Borçlar Yasası'nın 96. maddesine göre alacaklının, borçludan borcun hiç veya gereği gibi ifa edilmemesi nedeniyle tazminat isteyebilmesi için, bu yüzden bir zarara uğramış olması gerekir. Müspet zarar; borçlu edayı gereği gibi ve vaktinde yerine getirseydi alacaklının mameleki ne durumda olacak idiyse, bu durumla eylemli durum arasındaki farktır. Diğer bir anlatımla, müspet zarar sözleşmenin hiç veya gereği gibi yerine getirilmemesinden doğan zarardır. Her ne kadar davacı dava dilekçesinin netice-i talep bölümünde müspet zararının tazminini talep etmiş ise de dilekçenin açıklamalar kısmında kurum sigortalılarının karşıladığı reçete bedellerinin tahsilini istediğini açıklamıştır. 6100 sayılı HMK'nın 33. maddesine göre olayları izah taraflara, hukuki nitelendirme ise hakime aittir.

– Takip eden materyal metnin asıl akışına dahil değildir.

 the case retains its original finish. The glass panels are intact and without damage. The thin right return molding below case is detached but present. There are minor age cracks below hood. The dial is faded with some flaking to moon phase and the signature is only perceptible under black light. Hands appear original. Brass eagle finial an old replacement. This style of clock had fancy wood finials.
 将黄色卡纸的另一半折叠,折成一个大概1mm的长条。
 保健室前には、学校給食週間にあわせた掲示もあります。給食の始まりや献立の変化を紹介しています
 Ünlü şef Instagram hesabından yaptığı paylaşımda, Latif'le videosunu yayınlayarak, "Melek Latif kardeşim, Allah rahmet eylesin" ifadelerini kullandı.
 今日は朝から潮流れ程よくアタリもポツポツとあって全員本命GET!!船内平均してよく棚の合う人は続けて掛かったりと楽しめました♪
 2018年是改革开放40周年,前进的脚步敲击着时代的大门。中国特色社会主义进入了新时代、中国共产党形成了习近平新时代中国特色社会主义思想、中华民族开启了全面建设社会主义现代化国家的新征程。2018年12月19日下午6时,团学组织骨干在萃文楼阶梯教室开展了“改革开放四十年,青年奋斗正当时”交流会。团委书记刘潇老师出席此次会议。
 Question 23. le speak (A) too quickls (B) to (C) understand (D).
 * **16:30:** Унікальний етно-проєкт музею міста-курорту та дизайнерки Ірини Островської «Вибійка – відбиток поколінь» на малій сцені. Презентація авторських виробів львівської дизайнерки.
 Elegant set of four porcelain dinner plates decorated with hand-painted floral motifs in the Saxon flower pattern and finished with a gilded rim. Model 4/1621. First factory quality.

Hal böyle olunca davacının talebinin ödenmeyen reçete bedellerine ilişkin olduğu kabul edilmelidir.
Mahkemece davacının talepleri davalı SGK tarafından yapılan feshin sözleşme hükümlerine uygun olduğu gerekçesiyle reddedilmiştir. Ancak taraflar arasındaki protokol gereğince sözleşmesi 5.1. madde kapsamında feshedilen eczanelere fesih tarihine kadar karşıladıkları reçete bedellerinin ödenmeyeceğine dair sözleşmede bir hüküm bulunmadığı dikkate alınarak, tarafların delilleri toplanmak suretiyle konusunda uzman bilirkişilerden davacının alacağının bulunup bulunmadığının tespitinin yargıtay, mahkeme ve taraf denetimine elverişli rapor alınarak hasıl olacak sonuca uygun bir karar verilmesi gerekirken, eksik inceleme ile yazılı şekilde hüküm kurulmuş olması usul ve yasaya aykırı olup bozmayı gerektirmiştir.

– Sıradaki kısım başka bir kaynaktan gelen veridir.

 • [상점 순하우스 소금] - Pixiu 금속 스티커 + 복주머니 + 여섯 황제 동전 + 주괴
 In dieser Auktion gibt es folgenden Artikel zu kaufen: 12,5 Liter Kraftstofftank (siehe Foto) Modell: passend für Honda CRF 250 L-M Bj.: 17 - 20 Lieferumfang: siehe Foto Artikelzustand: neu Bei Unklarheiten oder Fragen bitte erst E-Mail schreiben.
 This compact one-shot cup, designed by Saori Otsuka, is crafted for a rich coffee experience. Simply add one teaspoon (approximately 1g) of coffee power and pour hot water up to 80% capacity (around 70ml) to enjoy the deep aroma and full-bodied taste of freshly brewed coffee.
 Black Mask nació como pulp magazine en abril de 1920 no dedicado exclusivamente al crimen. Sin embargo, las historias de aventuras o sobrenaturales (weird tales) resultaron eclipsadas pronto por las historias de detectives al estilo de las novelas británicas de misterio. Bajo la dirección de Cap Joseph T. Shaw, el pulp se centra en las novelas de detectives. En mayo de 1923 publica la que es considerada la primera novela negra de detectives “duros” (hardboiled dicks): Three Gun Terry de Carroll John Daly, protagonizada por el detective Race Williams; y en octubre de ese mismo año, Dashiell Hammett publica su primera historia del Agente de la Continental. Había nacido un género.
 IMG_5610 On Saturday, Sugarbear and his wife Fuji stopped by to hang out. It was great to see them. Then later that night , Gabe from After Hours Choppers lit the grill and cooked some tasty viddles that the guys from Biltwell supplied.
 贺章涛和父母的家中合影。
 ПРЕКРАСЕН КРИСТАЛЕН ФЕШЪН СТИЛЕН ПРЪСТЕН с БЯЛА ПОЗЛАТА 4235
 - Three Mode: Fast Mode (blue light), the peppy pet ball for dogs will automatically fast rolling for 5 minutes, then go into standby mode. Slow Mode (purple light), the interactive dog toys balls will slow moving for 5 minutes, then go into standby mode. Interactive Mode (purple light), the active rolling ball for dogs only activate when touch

İlk derece mahkemesi kararının, yukarıda açıklanan nedenlerle bozulmasına karar verilmiş olduğundan, HMK'nın 373. maddesinin birinci fıkrası uyarınca, iş bu karara karşı yapılan istinaf başvurusunun esastan reddine ilişkin bölge adliye mahkemesi kararının da kaldırılmasına karar verilmiştir.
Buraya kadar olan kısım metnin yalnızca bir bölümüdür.